For C = A × B where A is (n × d) and B is (d × m):
C = A × B
= [A₁ | A₂] × [B₁] # Split A by columns, B by rows
[B₂]
= A₁×B₁ + A₂×B₂ # Sum of partial products
Each partial product can happen on a different device. Then sum the results. This is the foundation of tensor parallelism.
Two Sharding Cases
When you shard matrices for multiplication, two cases emerge based on which axes you partition.
Case 1: Shard the Inner Dimension
Given C = A × B, the “inner” dimension is the one that gets summed over (columns of A, rows of B).
A: (batch, seq, embed) # embed is inner
B: (embed, hidden) # embed is inner
If both sharded on embed:
Device 0: A[:, :, 0:512] × B[0:512, :] → C_partial_0
Device 1: A[:, :, 512:1024] × B[512:1024, :] → C_partial_1
C = AllReduce(C_partial_0, C_partial_1)
Each device computes a partial result. AllReduce sums them to get the final output.

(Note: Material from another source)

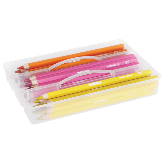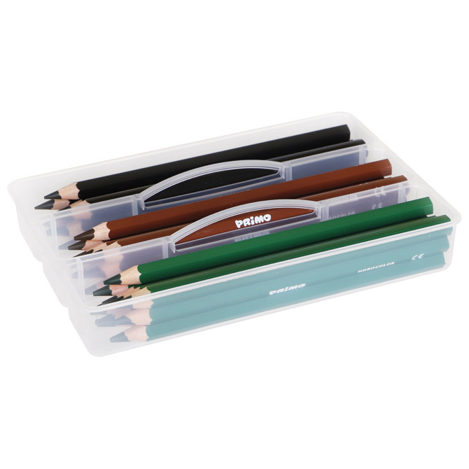 šiljene; debljina mine: 5,5 mm (iznimno debela mina); šesterokutne; boje su odvojene pregradama; set od 120 boja (12 boja x 10 komada); PP kutija s 4 ladice; svaka ladica ima 3 pretinca i dvije ručke za nošenje; bočno zatvaranje s kopčama; s ručkom za nošenje

When sharding doesn’t align, devices need to gather data first:
A sharded on: batch
B sharded on: embed
Before multiply:
AllGather B so each device has full B
Then multiply locally
Case 2: Shard the Outer Dimensions
The “outer” dimensions are batch (rows of A) and output features (columns of B).

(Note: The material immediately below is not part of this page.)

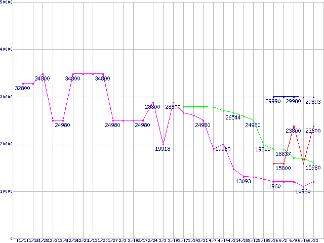 メモリ主要製品(最安値1万円以上)の最安値推移

A: (batch, seq, embed) # batch is outer
B: (embed, hidden) # hidden is outer
Shard A on batch, B on hidden:
Device 0: A[0:16, :, :] × B[:, 0:2048] → C[0:16, :, 0:2048]
Device 1: A[16:32, :, :] × B[:, 2048:4096] → C[16:32, :, 2048:4096]
No communication needed for the multiply itself. Each device produces a different slice of the output.
The GSPMD Pattern for Transformers
The GSPMD paper established a standard sharding pattern for transformer feedforward blocks.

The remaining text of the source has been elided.